__Data extract__:
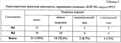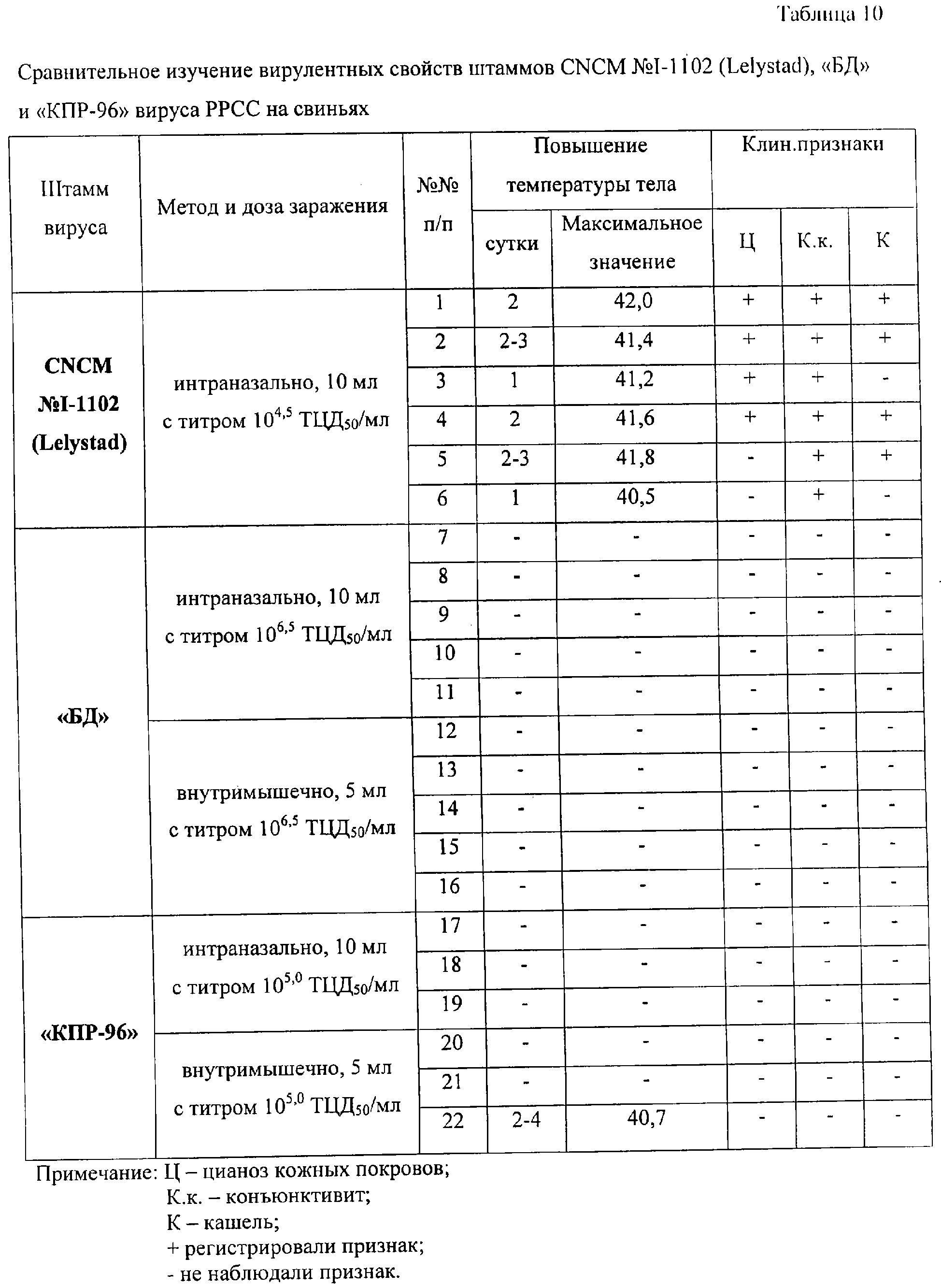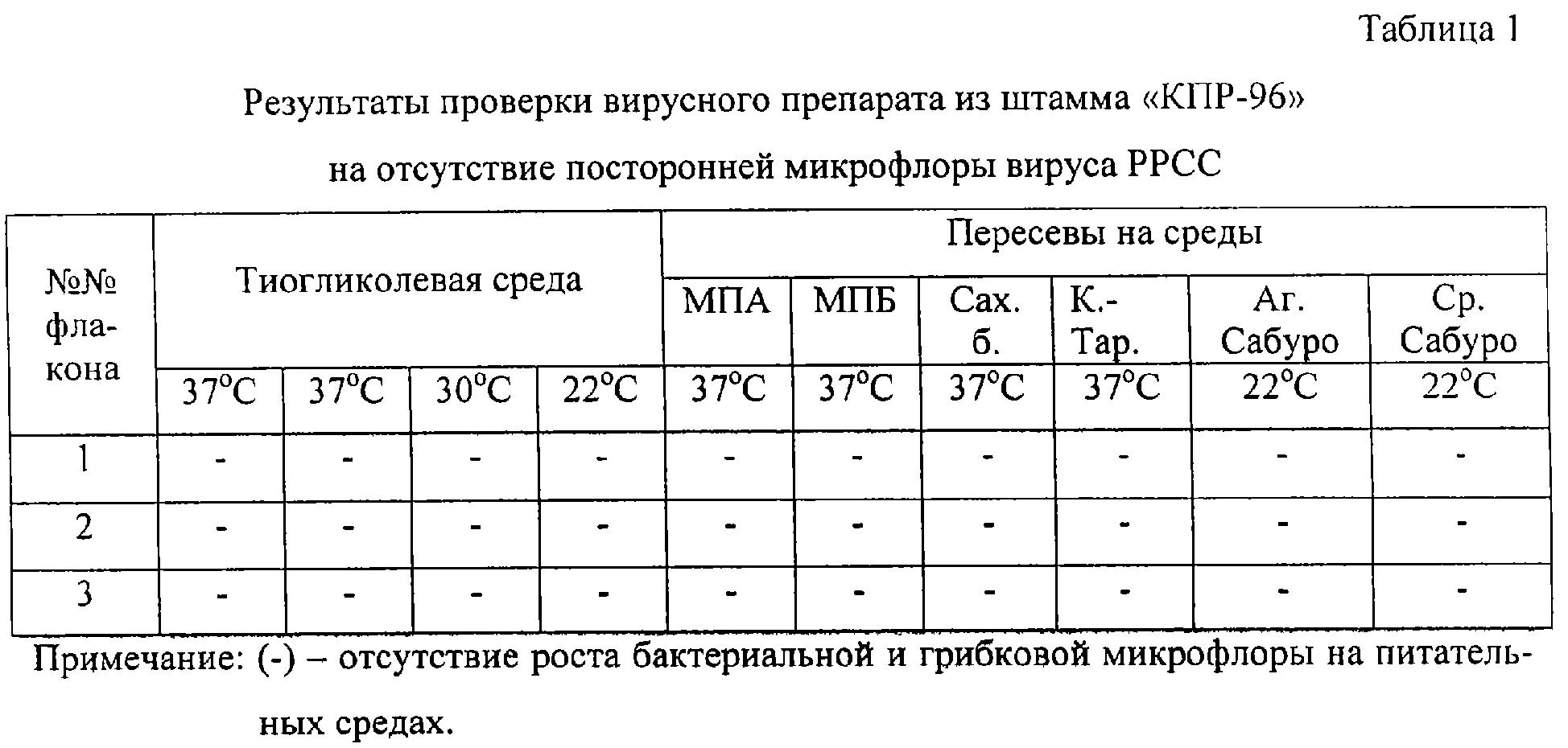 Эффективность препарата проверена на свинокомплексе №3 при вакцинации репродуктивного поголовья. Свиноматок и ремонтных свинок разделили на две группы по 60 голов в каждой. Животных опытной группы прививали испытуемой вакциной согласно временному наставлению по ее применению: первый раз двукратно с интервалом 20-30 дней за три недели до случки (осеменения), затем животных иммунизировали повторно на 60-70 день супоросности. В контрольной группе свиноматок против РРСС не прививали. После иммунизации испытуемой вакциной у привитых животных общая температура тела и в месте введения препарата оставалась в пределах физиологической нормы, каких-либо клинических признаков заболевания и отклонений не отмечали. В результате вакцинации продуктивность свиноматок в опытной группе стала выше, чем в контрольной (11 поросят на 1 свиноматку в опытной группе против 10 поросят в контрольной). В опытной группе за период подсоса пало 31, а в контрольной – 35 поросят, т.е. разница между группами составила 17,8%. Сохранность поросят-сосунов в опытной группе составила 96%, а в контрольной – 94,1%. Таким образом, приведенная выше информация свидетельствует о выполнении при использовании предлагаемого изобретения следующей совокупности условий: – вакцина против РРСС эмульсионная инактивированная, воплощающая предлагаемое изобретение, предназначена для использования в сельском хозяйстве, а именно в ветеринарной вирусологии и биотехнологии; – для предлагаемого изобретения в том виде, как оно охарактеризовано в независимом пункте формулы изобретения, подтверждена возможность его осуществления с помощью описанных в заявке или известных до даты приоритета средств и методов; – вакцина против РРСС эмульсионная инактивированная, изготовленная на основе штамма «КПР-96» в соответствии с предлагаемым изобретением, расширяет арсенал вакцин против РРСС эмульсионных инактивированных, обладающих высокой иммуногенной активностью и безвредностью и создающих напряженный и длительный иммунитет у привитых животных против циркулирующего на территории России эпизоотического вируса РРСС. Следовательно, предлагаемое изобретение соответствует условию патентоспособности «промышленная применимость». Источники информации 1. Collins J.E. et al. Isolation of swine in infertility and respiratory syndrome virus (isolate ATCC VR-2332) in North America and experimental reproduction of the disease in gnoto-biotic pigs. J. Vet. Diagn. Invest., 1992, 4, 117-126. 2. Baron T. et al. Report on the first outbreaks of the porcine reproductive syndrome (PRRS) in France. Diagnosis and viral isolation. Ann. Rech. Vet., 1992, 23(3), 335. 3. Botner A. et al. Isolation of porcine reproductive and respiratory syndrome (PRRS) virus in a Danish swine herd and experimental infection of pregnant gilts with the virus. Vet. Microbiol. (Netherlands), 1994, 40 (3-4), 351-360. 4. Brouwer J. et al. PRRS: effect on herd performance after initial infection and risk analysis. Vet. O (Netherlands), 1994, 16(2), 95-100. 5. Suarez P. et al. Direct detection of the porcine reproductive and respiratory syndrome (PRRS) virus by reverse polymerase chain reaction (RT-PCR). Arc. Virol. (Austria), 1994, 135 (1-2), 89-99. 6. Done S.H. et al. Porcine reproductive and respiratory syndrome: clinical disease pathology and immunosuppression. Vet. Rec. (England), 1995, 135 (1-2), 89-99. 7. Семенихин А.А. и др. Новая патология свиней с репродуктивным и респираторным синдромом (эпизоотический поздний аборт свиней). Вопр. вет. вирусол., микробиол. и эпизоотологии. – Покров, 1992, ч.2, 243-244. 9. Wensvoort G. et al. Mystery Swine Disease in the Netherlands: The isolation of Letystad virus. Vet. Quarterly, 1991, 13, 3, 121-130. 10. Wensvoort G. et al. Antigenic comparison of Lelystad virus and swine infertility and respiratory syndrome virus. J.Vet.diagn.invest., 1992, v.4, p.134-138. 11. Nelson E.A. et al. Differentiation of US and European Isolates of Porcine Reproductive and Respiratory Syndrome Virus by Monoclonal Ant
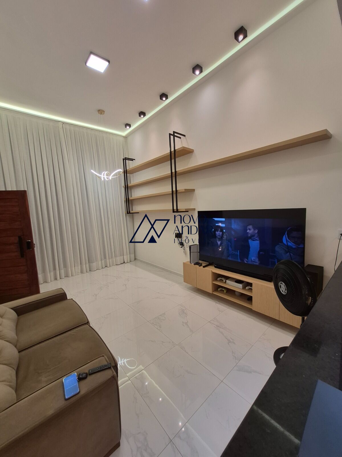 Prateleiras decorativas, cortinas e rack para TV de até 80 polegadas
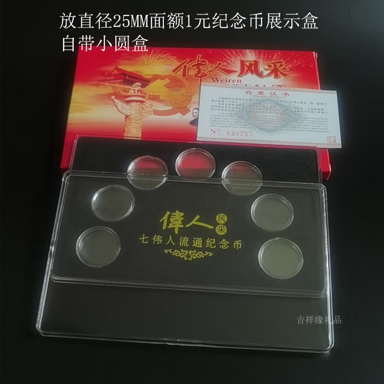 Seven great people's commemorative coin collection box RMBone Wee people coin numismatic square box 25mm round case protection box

__Task objective__: An exact reproduction of the data is required, with pictures excluded.

__Response box__:
 Эффективность препарата проверена на свинокомплексе №3 при вакцинации репродуктивного поголовья. Свиноматок и ремонтных свинок разделили на две группы по 60 голов в каждой. Животных опытной группы прививали испытуемой вакциной согласно временному наставлению по ее применению: первый раз двукратно с интервалом 20-30 дней за три недели до случки (осеменения), затем животных иммунизировали повторно на 60-70 день супоросности. В контрольной группе свиноматок против РРСС не прививали. После иммунизации испытуемой вакциной у привитых животных общая температура тела и в месте введения препарата оставалась в пределах физиологической нормы, каких-либо клинических признаков заболевания и отклонений не отмечали. В результате вакцинации продуктивность свиноматок в опытной группе стала выше, чем в контрольной (11 поросят на 1 свиноматку в опытной группе против 10 поросят в контрольной). В опытной группе за период подсоса пало 31, а в контрольной – 35 поросят, т.е. разница между группами составила 17,8%. Сохранность поросят-сосунов в опытной группе составила 96%, а в контрольной – 94,1%. Таким образом, приведенная выше информация свидетельствует о выполнении при использовании предлагаемого изобретения следующей совокупности условий: – вакцина против РРСС эмульсионная инактивированная, воплощающая предлагаемое изобретение, предназначена для использования в сельском хозяйстве, а именно в ветеринарной вирусологии и биотехнологии; – для предлагаемого изобретения в том виде, как оно охарактеризовано в независимом пункте формулы изобретения, подтверждена возможность его осуществления с помощью описанных в заявке или известных до даты приоритета средств и методов; – вакцина против РРСС эмульсионная инактивированная, изготовленная на основе штамма «КПР-96» в соответствии с предлагаемым изобретением, расширяет арсенал вакцин против РРСС эмульсионных инактивированных, обладающих высокой иммуногенной активностью и безвредностью и создающих напряженный и длительный иммунитет у привитых животных против циркулирующего на территории России эпизоотического вируса РРСС. Следовательно, предлагаемое изобретение соответствует условию патентоспособности «промышленная применимость». Источники информации 1. Collins J.E. et al. Isolation of swine in infertility and respiratory syndrome virus (isolate ATCC VR-2332) in North America and experimental reproduction of the disease in gnoto-biotic pigs. J. Vet. Diagn. Invest., 1992, 4, 117-126. 2. Baron T. et al. Report on the first outbreaks of the porcine reproductive syndrome (PRRS) in France. Diagnosis and viral isolation. Ann. Rech. Vet., 1992, 23(3), 335. 3. Botner A. et al. Isolation of porcine reproductive and respiratory syndrome (PRRS) virus in a Danish swine herd and experimental infection of pregnant gilts with the virus. Vet. Microbiol. (Netherlands), 1994, 40 (3-4), 351-360. 4. Brouwer J. et al. PRRS: effect on herd performance after initial infection and risk analysis. Vet. O (Netherlands), 1994, 16(2), 95-100. 5. Suarez P. et al. Direct detection of the porcine reproductive and respiratory syndrome (PRRS) virus by reverse polymerase chain reaction (RT-PCR). Arc. Virol. (Austria), 1994, 135 (1-2), 89-99. 6. Done S.H. et al. Porcine reproductive and respiratory syndrome: clinical disease pathology and immunosuppression. Vet. Rec. (England), 1995, 135 (1-2), 89-99. 7. Семенихин А.А. и др. Новая патология свиней с репродуктивным и респираторным синдромом (эпизоотический поздний аборт свиней). Вопр. вет. вирусол., микробиол. и эпизоотологии. – Покров, 1992, ч.2, 243-244. 9. Wensvoort G. et al. Mystery Swine Disease in the Netherlands: The isolation of Letystad virus. Vet. Quarterly, 1991, 13, 3, 121-130. 10. Wensvoort G. et al. Antigenic comparison of Lelystad virus and swine infertility and respiratory syndrome virus. J.Vet.diagn.invest., 1992, v.4, p.134-138. 11. Nelson E.A. et al. Differentiation of US and European Isolates of Porcine Reproductive and Respiratory Syndrome Virus by Monoclonal Ant
 Prateleiras decorativas, cortinas e rack para TV de até 80 polegadas
 Seven great people's commemorative coin collection box RMBone Wee people coin numismatic square box 25mm round case protection box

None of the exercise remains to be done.